Overview

Phase I/Ib Study of GWN323 Alone and in Combination With PDR001 in Patients With Advanced Malignancies and Lymphomas

Status:
Completed

Trial end date:
2020-03-03

Target enrollment:
0

Participant gender:
All

Summary

The purpose of this trial is to explore the clinical utility of two investigational antibodies in patients with advanced cancer or lymphomas. This is a multi-center, open-label Phase I/Ib study. The study consists of two dose escalation parts and two dose expansion parts testing GWN323 as a single agent or GWN323 in combination with PDR001. The dose escalation parts will estimate the MTD and/or RDE and test different dosing schedules. The dose expansion parts of the study will use the MTD/RDE determined in the dose escalation part to assess the activity, safety and tolerability of the investigational products in patients with specific types of cancer and lymphomas. Approximately 264 adult patients with advanced solid tumors or lymphomas will be enrolled.

Phase:

Phase 1

Accepts Healthy Volunteers?

Details

Lead Sponsor:

Novartis Pharmaceuticals

Treatments:

Spartalizumab

Criteria

Inclusion Criteria:

- Patients with metastatic and/or advanced solid tumors or lymphomas not amenable to
curative treatment by surgery.

- Histologically documented advanced or metastatic solid tumors or lymphomas

- Must have a site of disease amenable to biopsy, and be a candidate for tumor biopsy
according to the treating institution's guidelines. Patient must be willing to undergo
a new tumor biopsy at screening

- ECOG Performance Status ≤ 2.

Exclusion Criteria:

- Presence of symptomatic central nervous system (CNS) metastases, or CNS metastases
that require local CNS-directed therapy (such as radiotherapy or surgery).

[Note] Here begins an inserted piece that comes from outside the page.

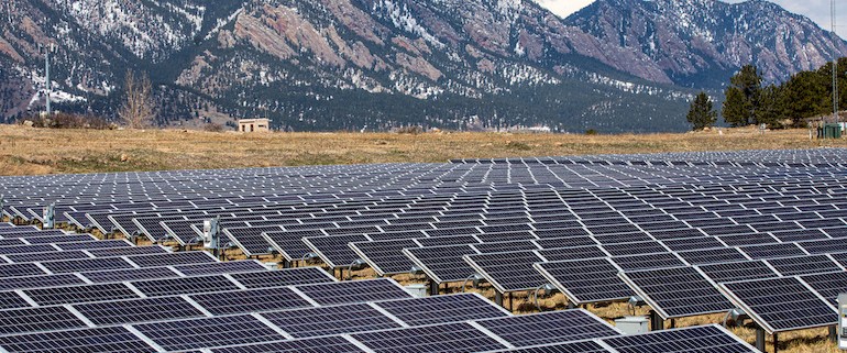 The 1-MW photovoltaic array at the Flatirons Campus (FC) of the National Renewable Energy Laboratory (NREL) has a backdrop of the foothills of the Rocky Mountains. (Photo by Werner Slocum / NREL)

- Patients diagnosed with T-cell Lymphomas.

- Patients with prior allogenic transplants.

- Patients previously treated with anti-GITR therapy.

- History of severe hypersensitivity reactions to other mAbs.

- Patients intolerant to prior immunotherapy (unable to continue/receive due to
immune-related AE).

Other protocol-defined inclusion/exclusion criteria may apply.